Rate each answer 0-4. Reopen the relevant section only after attempting all four.
Production lens
Ambiguous language becomes operational risk. Before architecture work, write a task contract containing goal, inputs, outputs, permissions, prohibitions, approvals, stop conditions, success metrics, and owner. Do not accept “autonomous employee” as a specification.
Also separate authority from capability. A model may be capable of composing a refund request.
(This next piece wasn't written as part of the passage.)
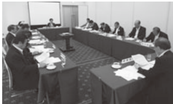
総務厚生委員会の様子

臨時会では、任期満了に伴う正・副管理者選挙を行い、管理者に館岡板柳町長、副管理者に古川六ヶ所村長を新たに選任したほか、監査委員に金澤大間町長を選任した。

Only authenticated policy code should decide whether the current user may submit one, and a separate service should enforce transaction limits.
Chapter compression
- A model generates; an agent system chooses and acts in a loop.
- A workflow’s path is coded; an agent’s path is partly chosen at runtime.
- Classical agents predate LLMs; specify which kind you mean.
- Autonomy is multi-dimensional, and more is not inherently better.
- The accountable boundary includes code, policies, tools, state, people, and operations—not just the model.
Memory hook: Model proposes; software disposes; people remain accountable.
Retrieval deck
- Q: What five elements appear in the smallest useful agent definition?
A: Model-chosen action, goal, observation, adaptation, and human-designed boundaries. - Q: What turns a fixed retrieval assistant into an agent?
A: The model can use observations to choose a subsequent search, question, action, or finish decision. - Q: Does tool access prove agenthood?
A: No. A deterministic workflow can call tools, and a model can choose actions without broad access. - Q: Who is accountable for an agent’s behavior?
A: The people and organization that design, deploy, authorize, and operate the system.
Spaced review
- Now: rewrite your original definition in 25 words or fewer.
- +1 day: classify five products without rereading.
- +3 days: draw the system boundary for one risky action.
- +7 days: explain agent versus workflow to a nontechnical colleague.
- +14 days: inspect a new “agent” announcement and list what evidence is missing.